## YOUR TASK:
Pictures aside, repeat every entry exactly.

## DATA SHOWN:

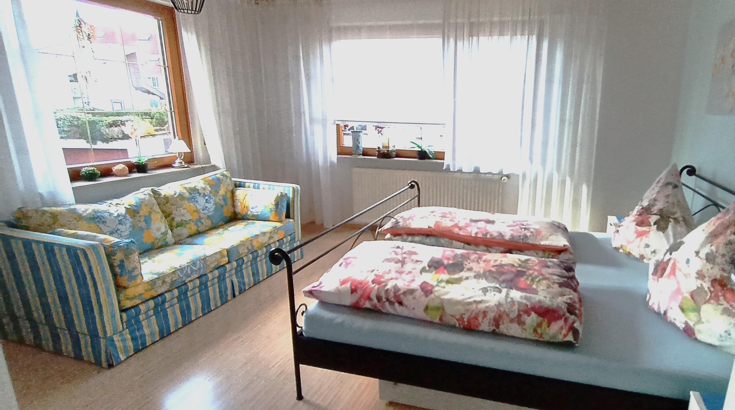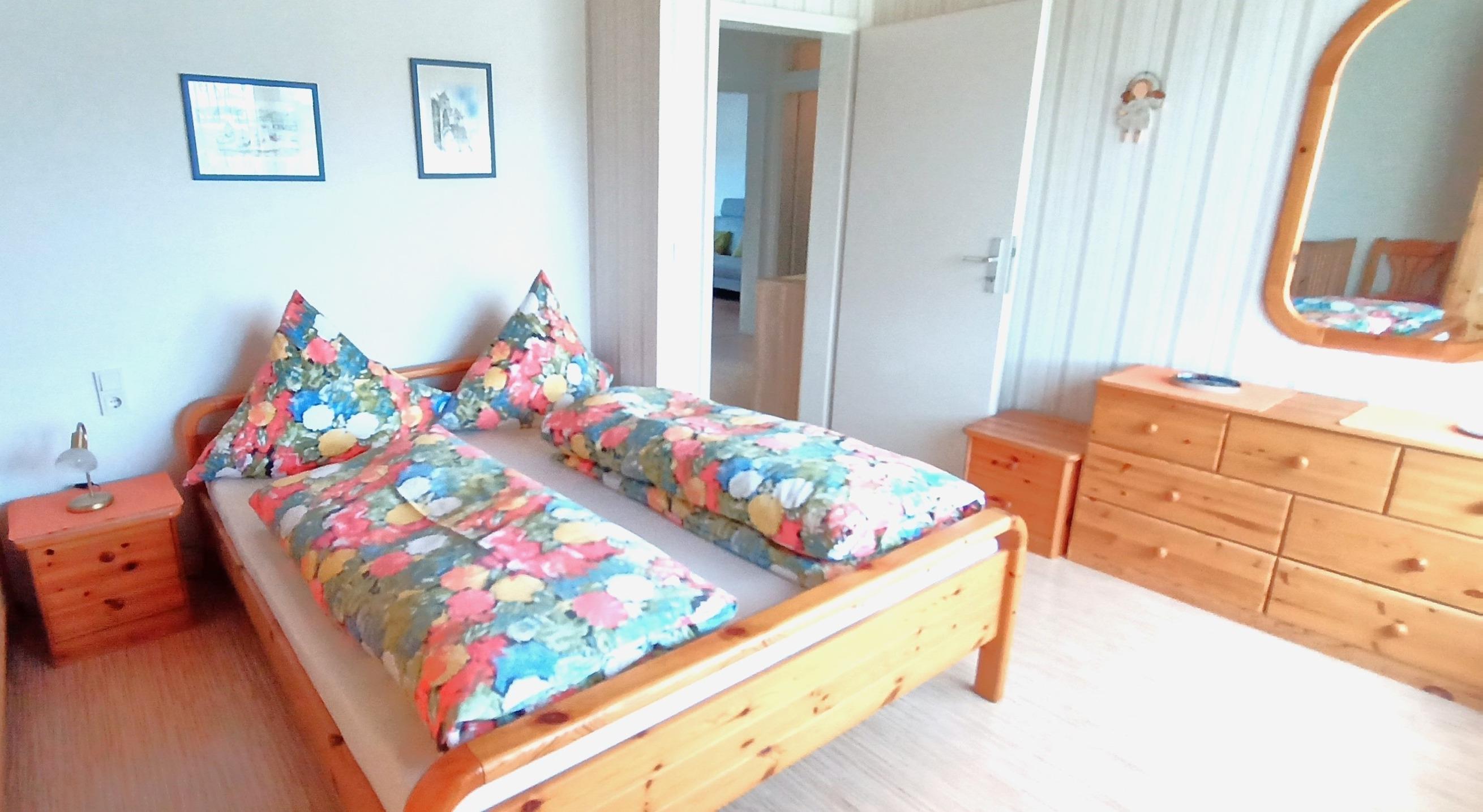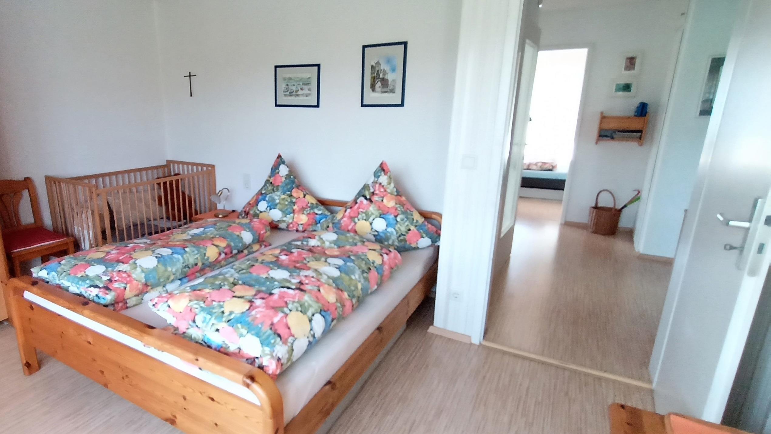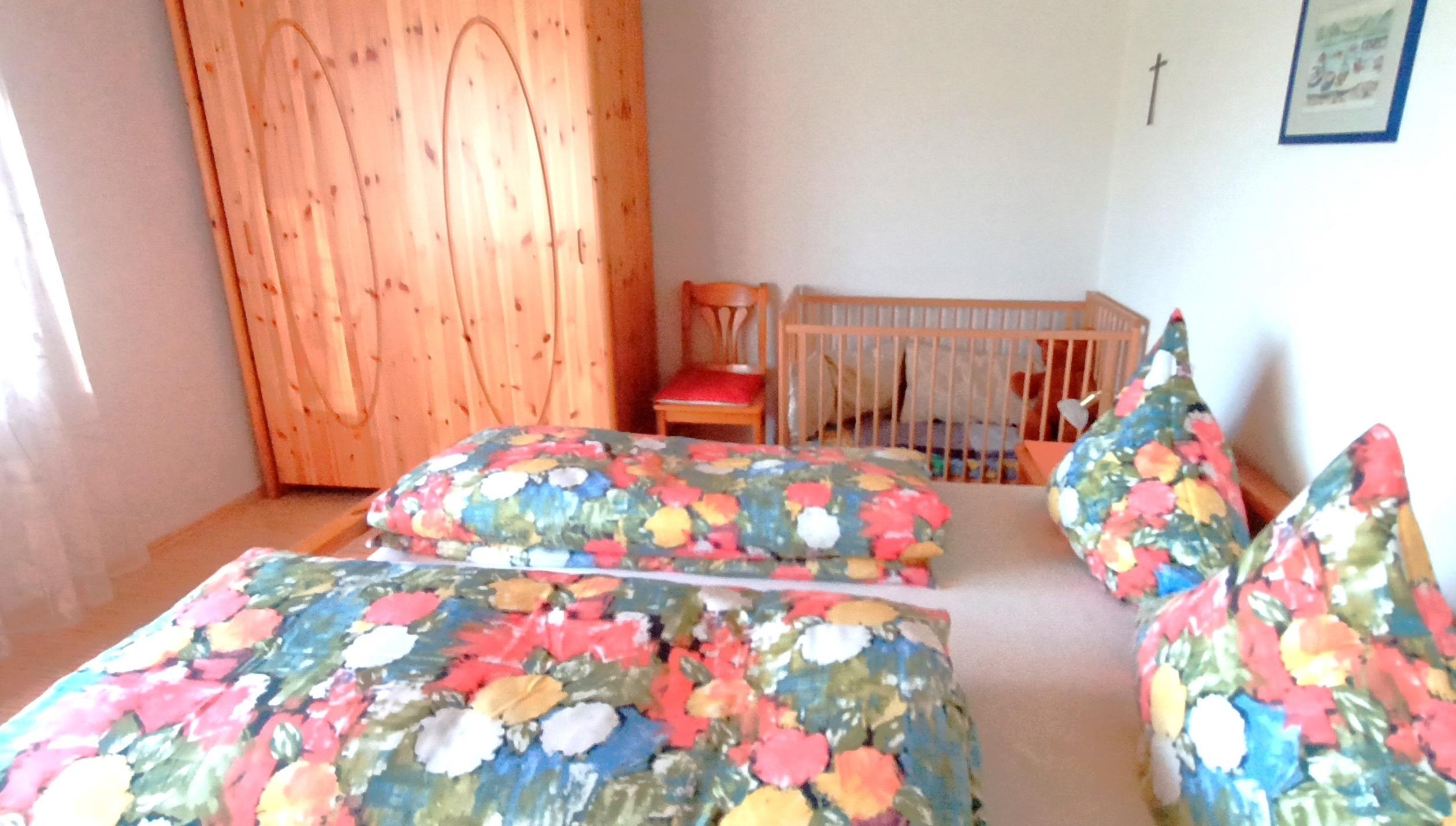 Gemütliche 3-Zimmer-Ferienwohnung mit zwei separaten Schlafzimmern - jeweils mit Doppelbett ausgestattet, separate Küche, Wohnzimmer mit Balkon, Badezimmer mit Dusche sowie separates WC. Im ersten Schlafzimmer ist eine Schlafcouch für ein Kind bis 12 Jahre - im zweiten Schlafzimmer steht ein Kinderbett für Kinder bis 3 Jahre.
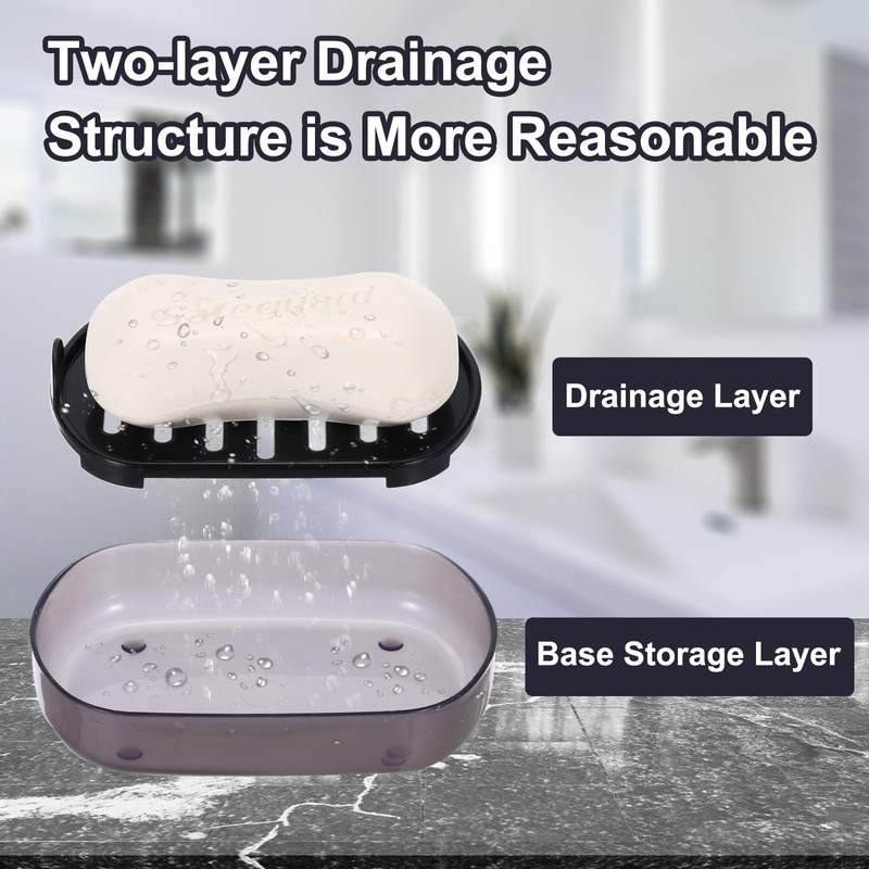 2. Built with a two-layer design, including leak-proof and drainage layers, the Removable drain pan ensures the upper layer drains and the lower layer collects water, preventing the soap from soaking in excess water, and ensuring your soap dries and is ready to use.
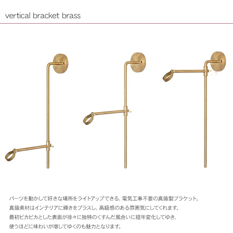 パーツを動かして好きな場所をライトアップできる、電気工事不要の真鍮製ブラケット。
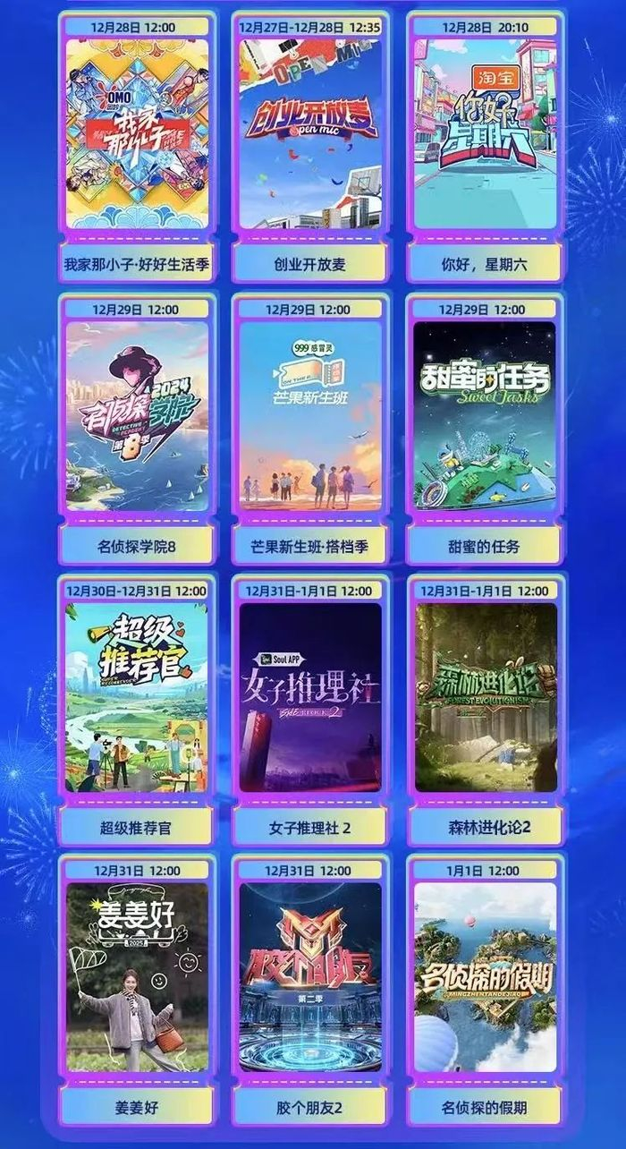 先说综艺,作为芒果TV的看家内容,无论在内容深度还是广度上都远超其他品类,在跨年片单中有12部综艺进入播出计划。
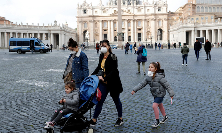 Dân địa phương đeo khẩu trang đi trên quảng trường St. Peter, Vatican ngày 6/3. Ảnh: Reuters
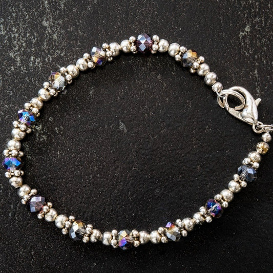 Expressions in Blue, Bracelet with Delicate Faceted Crystals, and Small Silver Beads
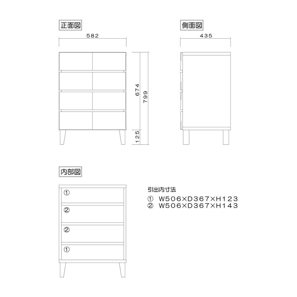 丸田木工 モデルノ チェスト タンス 幅58 4段 MIX スリムチェスト リビングチェスト 収納 md058400cmx【別送品】
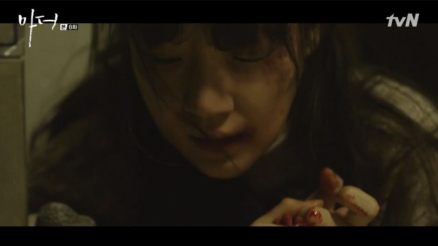 (억지로 손을 붙잡고 새끼 손가락을 자름)
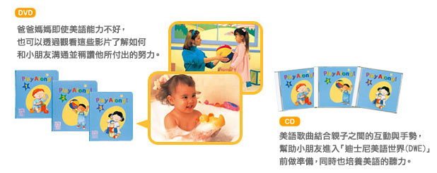 迪士尼美語世界-(Play Along!)跟著玩系列 (專門設計給剛開始學習美語的嬰兒與小小朋友 透過模仿他們所看到和聽到的有趣事物來學習美語)(DVD3片裝) -=-=-=-=-=-=-=-=-=-=-=-=-=-=-=-=-=-=-=-=-=-=-=-=-=-=-=-=-=-=-=-=-=-=-=-= 軟體名稱:迪士尼美語世界-(Play Along!)跟著玩系列 (專門設計給剛開始學習美語的嬰兒與小小朋友 透過模仿他們所看到和聽到的有趣事物來學習美語)(DVD3片裝) 語系版本: 光碟片數:3片裝 破解說明: 系統支援:Windows 7/XP/Vista/DVD 播放機 軟體類型:幼兒教學 硬體需求:PC,DVD 播放機 更新日期:2011-09-15 官方網站: 中文網站: 軟體簡介: 銷售價格:$540元 -=-=-=-=-=-=-=-=-=-=-=-=-=-=-=-=-=-=-=-=-=-=-=-=-=-=-=-=-=-=-=-=-=-=-=-=     軟體簡介: 「跟著玩系列!(Play Along! )」的概念是「親身體驗式學習“Learning by doning”」 這套產品是專門設計給剛開始學習美語的嬰兒與小小朋友,透過模仿他們所看到和聽到的 有趣事物來學習美語。 小朋友會自然地透過使用16種玩具,親身體驗他們在影片中看到的遊戲來學習美語。即使 是小小孩也會喜歡這些依照他們發展階段而設計出來的活動。這套產品包含了簡單的美語 文法與結構。 小朋友透過33首CD歌曲和「迪士尼美語世界 (DWE) 」更為親近。將「跟著玩系列!(Play Along! )」與「迪士尼美語世界 (DWE) 」藍色或綠色系列一同使用,小朋友將會更有效率 地建立起美語的基礎。 -=-=-=-=-=-=-=-=-=-=-=-=-=-=-=-=-=-=-=-=-=-=-=-=-=-=-=-=-=-=-=-=-=-=-=-=
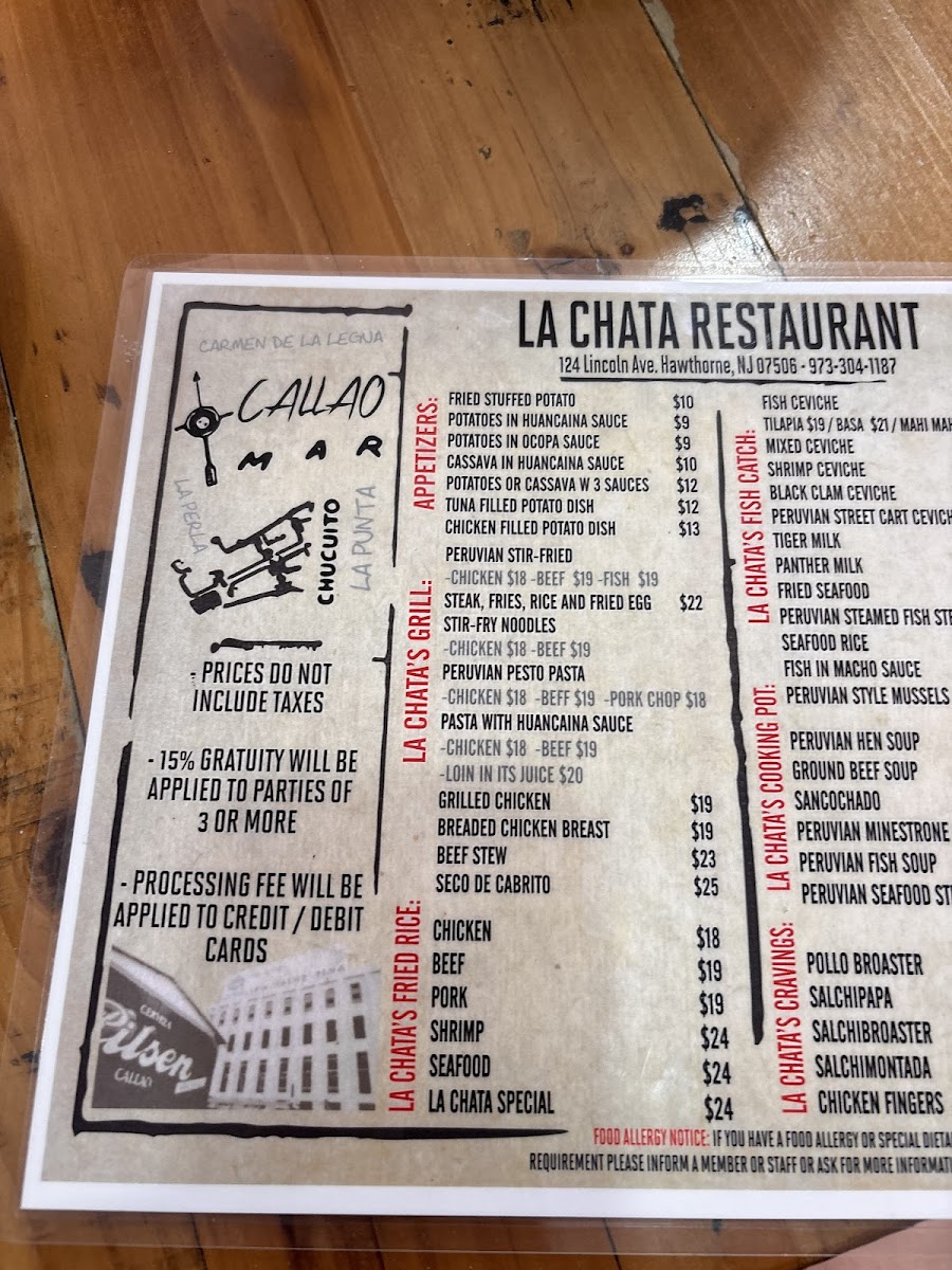Welcome to La Chata Restaurant, a delightful gem nestled in Hawthorne, NJ. Renowned for its authentic Peruvian cuisine, La Chata offers a vibrant menu that showcases the rich flavors of Peru. From the refreshing Fish Ceviche to the delectable Lomo Saltado, every dish is crafted with care and passion. Seafood lovers will revel in the diverse options, including Mixed Ceviche and Fried Seafood, while those seeking traditional comforts can indulge in Pasta with Peruvian Pesto or hearty Arroz con Mariscos.
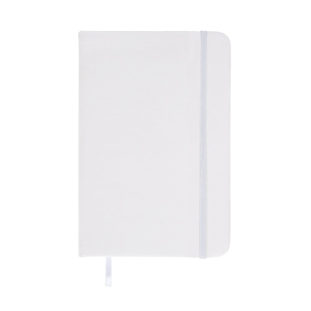 Caderneta emborrachada com elástico para lacre e marcador de página em cetim, contém aproximadamente 76 folhas com pauta na cor marfim.
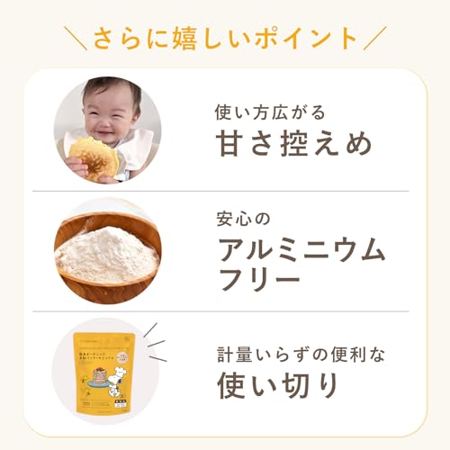食塩、8大アレルゲン不使用。甘さ控えめでお子さま(9ヶ月頃)から大人まで安心して楽しめる
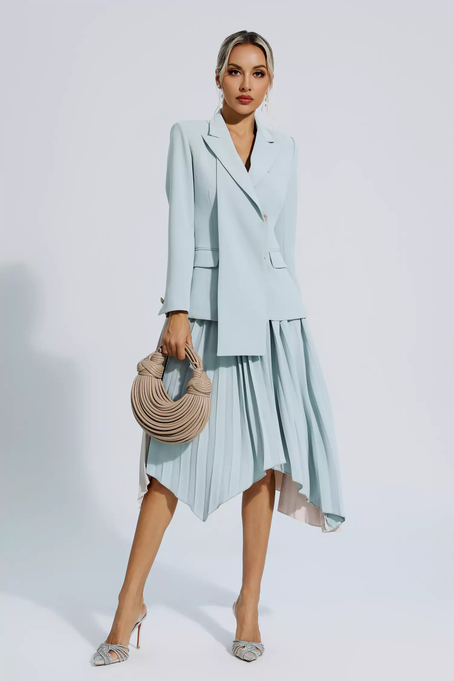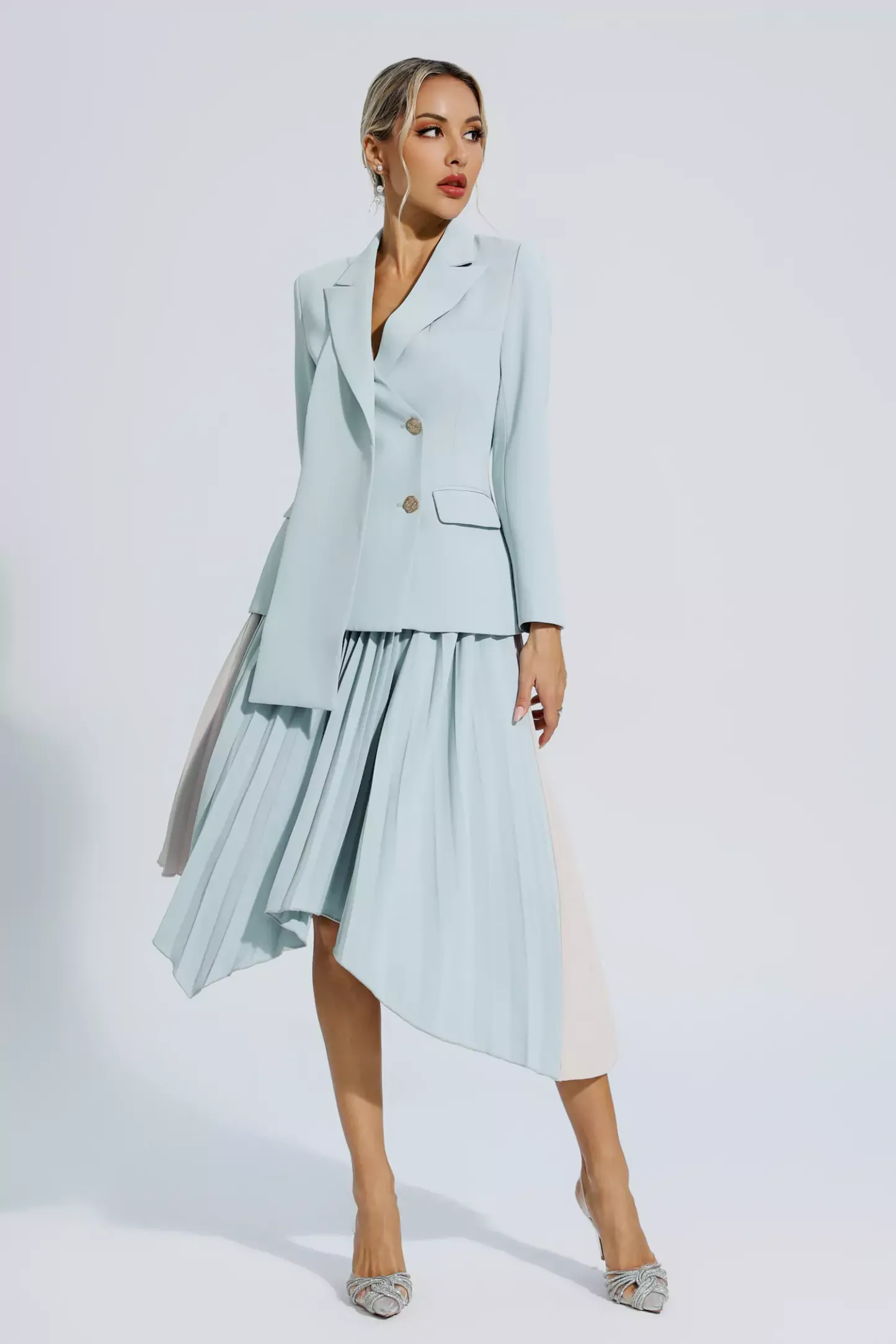 Make a bold style statement with our Gray Ruched Blazer Set. With its long sleeves and irregular pleated skirt, it's no wonder this outfit is the epitome of spring and autumn fashion. Elevate your wardrobe and showcase your unique style with this must-have suit.

## SOLUTION TO THIS EXERCISE:
 Gemütliche 3-Zimmer-Ferienwohnung mit zwei separaten Schlafzimmern - jeweils mit Doppelbett ausgestattet, separate Küche, Wohnzimmer mit Balkon, Badezimmer mit Dusche sowie separates WC. Im ersten Schlafzimmer ist eine Schlafcouch für ein Kind bis 12 Jahre - im zweiten Schlafzimmer steht ein Kinderbett für Kinder bis 3 Jahre.
 2. Built with a two-layer design, including leak-proof and drainage layers, the Removable drain pan ensures the upper layer drains and the lower layer collects water, preventing the soap from soaking in excess water, and ensuring your soap dries and is ready to use.
 パーツを動かして好きな場所をライトアップできる、電気工事不要の真鍮製ブラケット。
 先说综艺,作为芒果TV的看家内容,无论在内容深度还是广度上都远超其他品类,在跨年片单中有12部综艺进入播出计划。
 Dân địa phương đeo khẩu trang đi trên quảng trường St. Peter, Vatican ngày 6/3. Ảnh: Reuters
 Expressions in Blue, Bracelet with Delicate Faceted Crystals, and Small Silver Beads
 丸田木工 モデルノ チェスト タンス 幅58 4段 MIX スリムチェスト リビングチェスト 収納 md058400cmx【別送品】
 (억지로 손을 붙잡고 새끼 손가락을 자름)
 迪士尼美語世界-(Play Along!)跟著玩系列 (專門設計給剛開始學習美語的嬰兒與小小朋友 透過模仿他們所看到和聽到的有趣事物來學習美語)(DVD3片裝) -=-=-=-=-=-=-=-=-=-=-=-=-=-=-=-=-=-=-=-=-=-=-=-=-=-=-=-=-=-=-=-=-=-=-=-= 軟體名稱:迪士尼美語世界-(Play Along!)跟著玩系列 (專門設計給剛開始學習美語的嬰兒與小小朋友 透過模仿他們所看到和聽到的有趣事物來學習美語)(DVD3片裝) 語系版本: 光碟片數:3片裝 破解說明: 系統支援:Windows 7/XP/Vista/DVD 播放機 軟體類型:幼兒教學 硬體需求:PC,DVD 播放機 更新日期:2011-09-15 官方網站: 中文網站: 軟體簡介: 銷售價格:$540元 -=-=-=-=-=-=-=-=-=-=-=-=-=-=-=-=-=-=-=-=-=-=-=-=-=-=-=-=-=-=-=-=-=-=-=-=     軟體簡介: 「跟著玩系列!(Play Along! )」的概念是「親身體驗式學習“Learning by doning”」 這套產品是專門設計給剛開始學習美語的嬰兒與小小朋友,透過模仿他們所看到和聽到的 有趣事物來學習美語。 小朋友會自然地透過使用16種玩具,親身體驗他們在影片中看到的遊戲來學習美語。即使 是小小孩也會喜歡這些依照他們發展階段而設計出來的活動。這套產品包含了簡單的美語 文法與結構。 小朋友透過33首CD歌曲和「迪士尼美語世界 (DWE) 」更為親近。將「跟著玩系列!(Play Along! )」與「迪士尼美語世界 (DWE) 」藍色或綠色系列一同使用,小朋友將會更有效率 地建立起美語的基礎。 -=-=-=-=-=-=-=-=-=-=-=-=-=-=-=-=-=-=-=-=-=-=-=-=-=-=-=-=-=-=-=-=-=-=-=-=
Welcome to La Chata Restaurant, a delightful gem nestled in Hawthorne, NJ. Renowned for its authentic Peruvian cuisine, La Chata offers a vibrant menu that showcases the rich flavors of Peru. From the refreshing Fish Ceviche to the delectable Lomo Saltado, every dish is crafted with care and passion. Seafood lovers will revel in the diverse options, including Mixed Ceviche and Fried Seafood, while those seeking traditional comforts can indulge in Pasta with Peruvian Pesto or hearty Arroz con Mariscos.
 Caderneta emborrachada com elástico para lacre e marcador de página em cetim, contém aproximadamente 76 folhas com pauta na cor marfim.
食塩、8大アレルゲン不使用。甘さ控えめでお子さま(9ヶ月頃)から大人まで安心して楽しめる
 Make a bold style statement with our Gray Ruched Blazer Set. With its long sleeves and irregular pleated skirt, it's no wonder this outfit is the epitome of spring and autumn fashion. Elevate your wardrobe and showcase your unique style with this must-have suit.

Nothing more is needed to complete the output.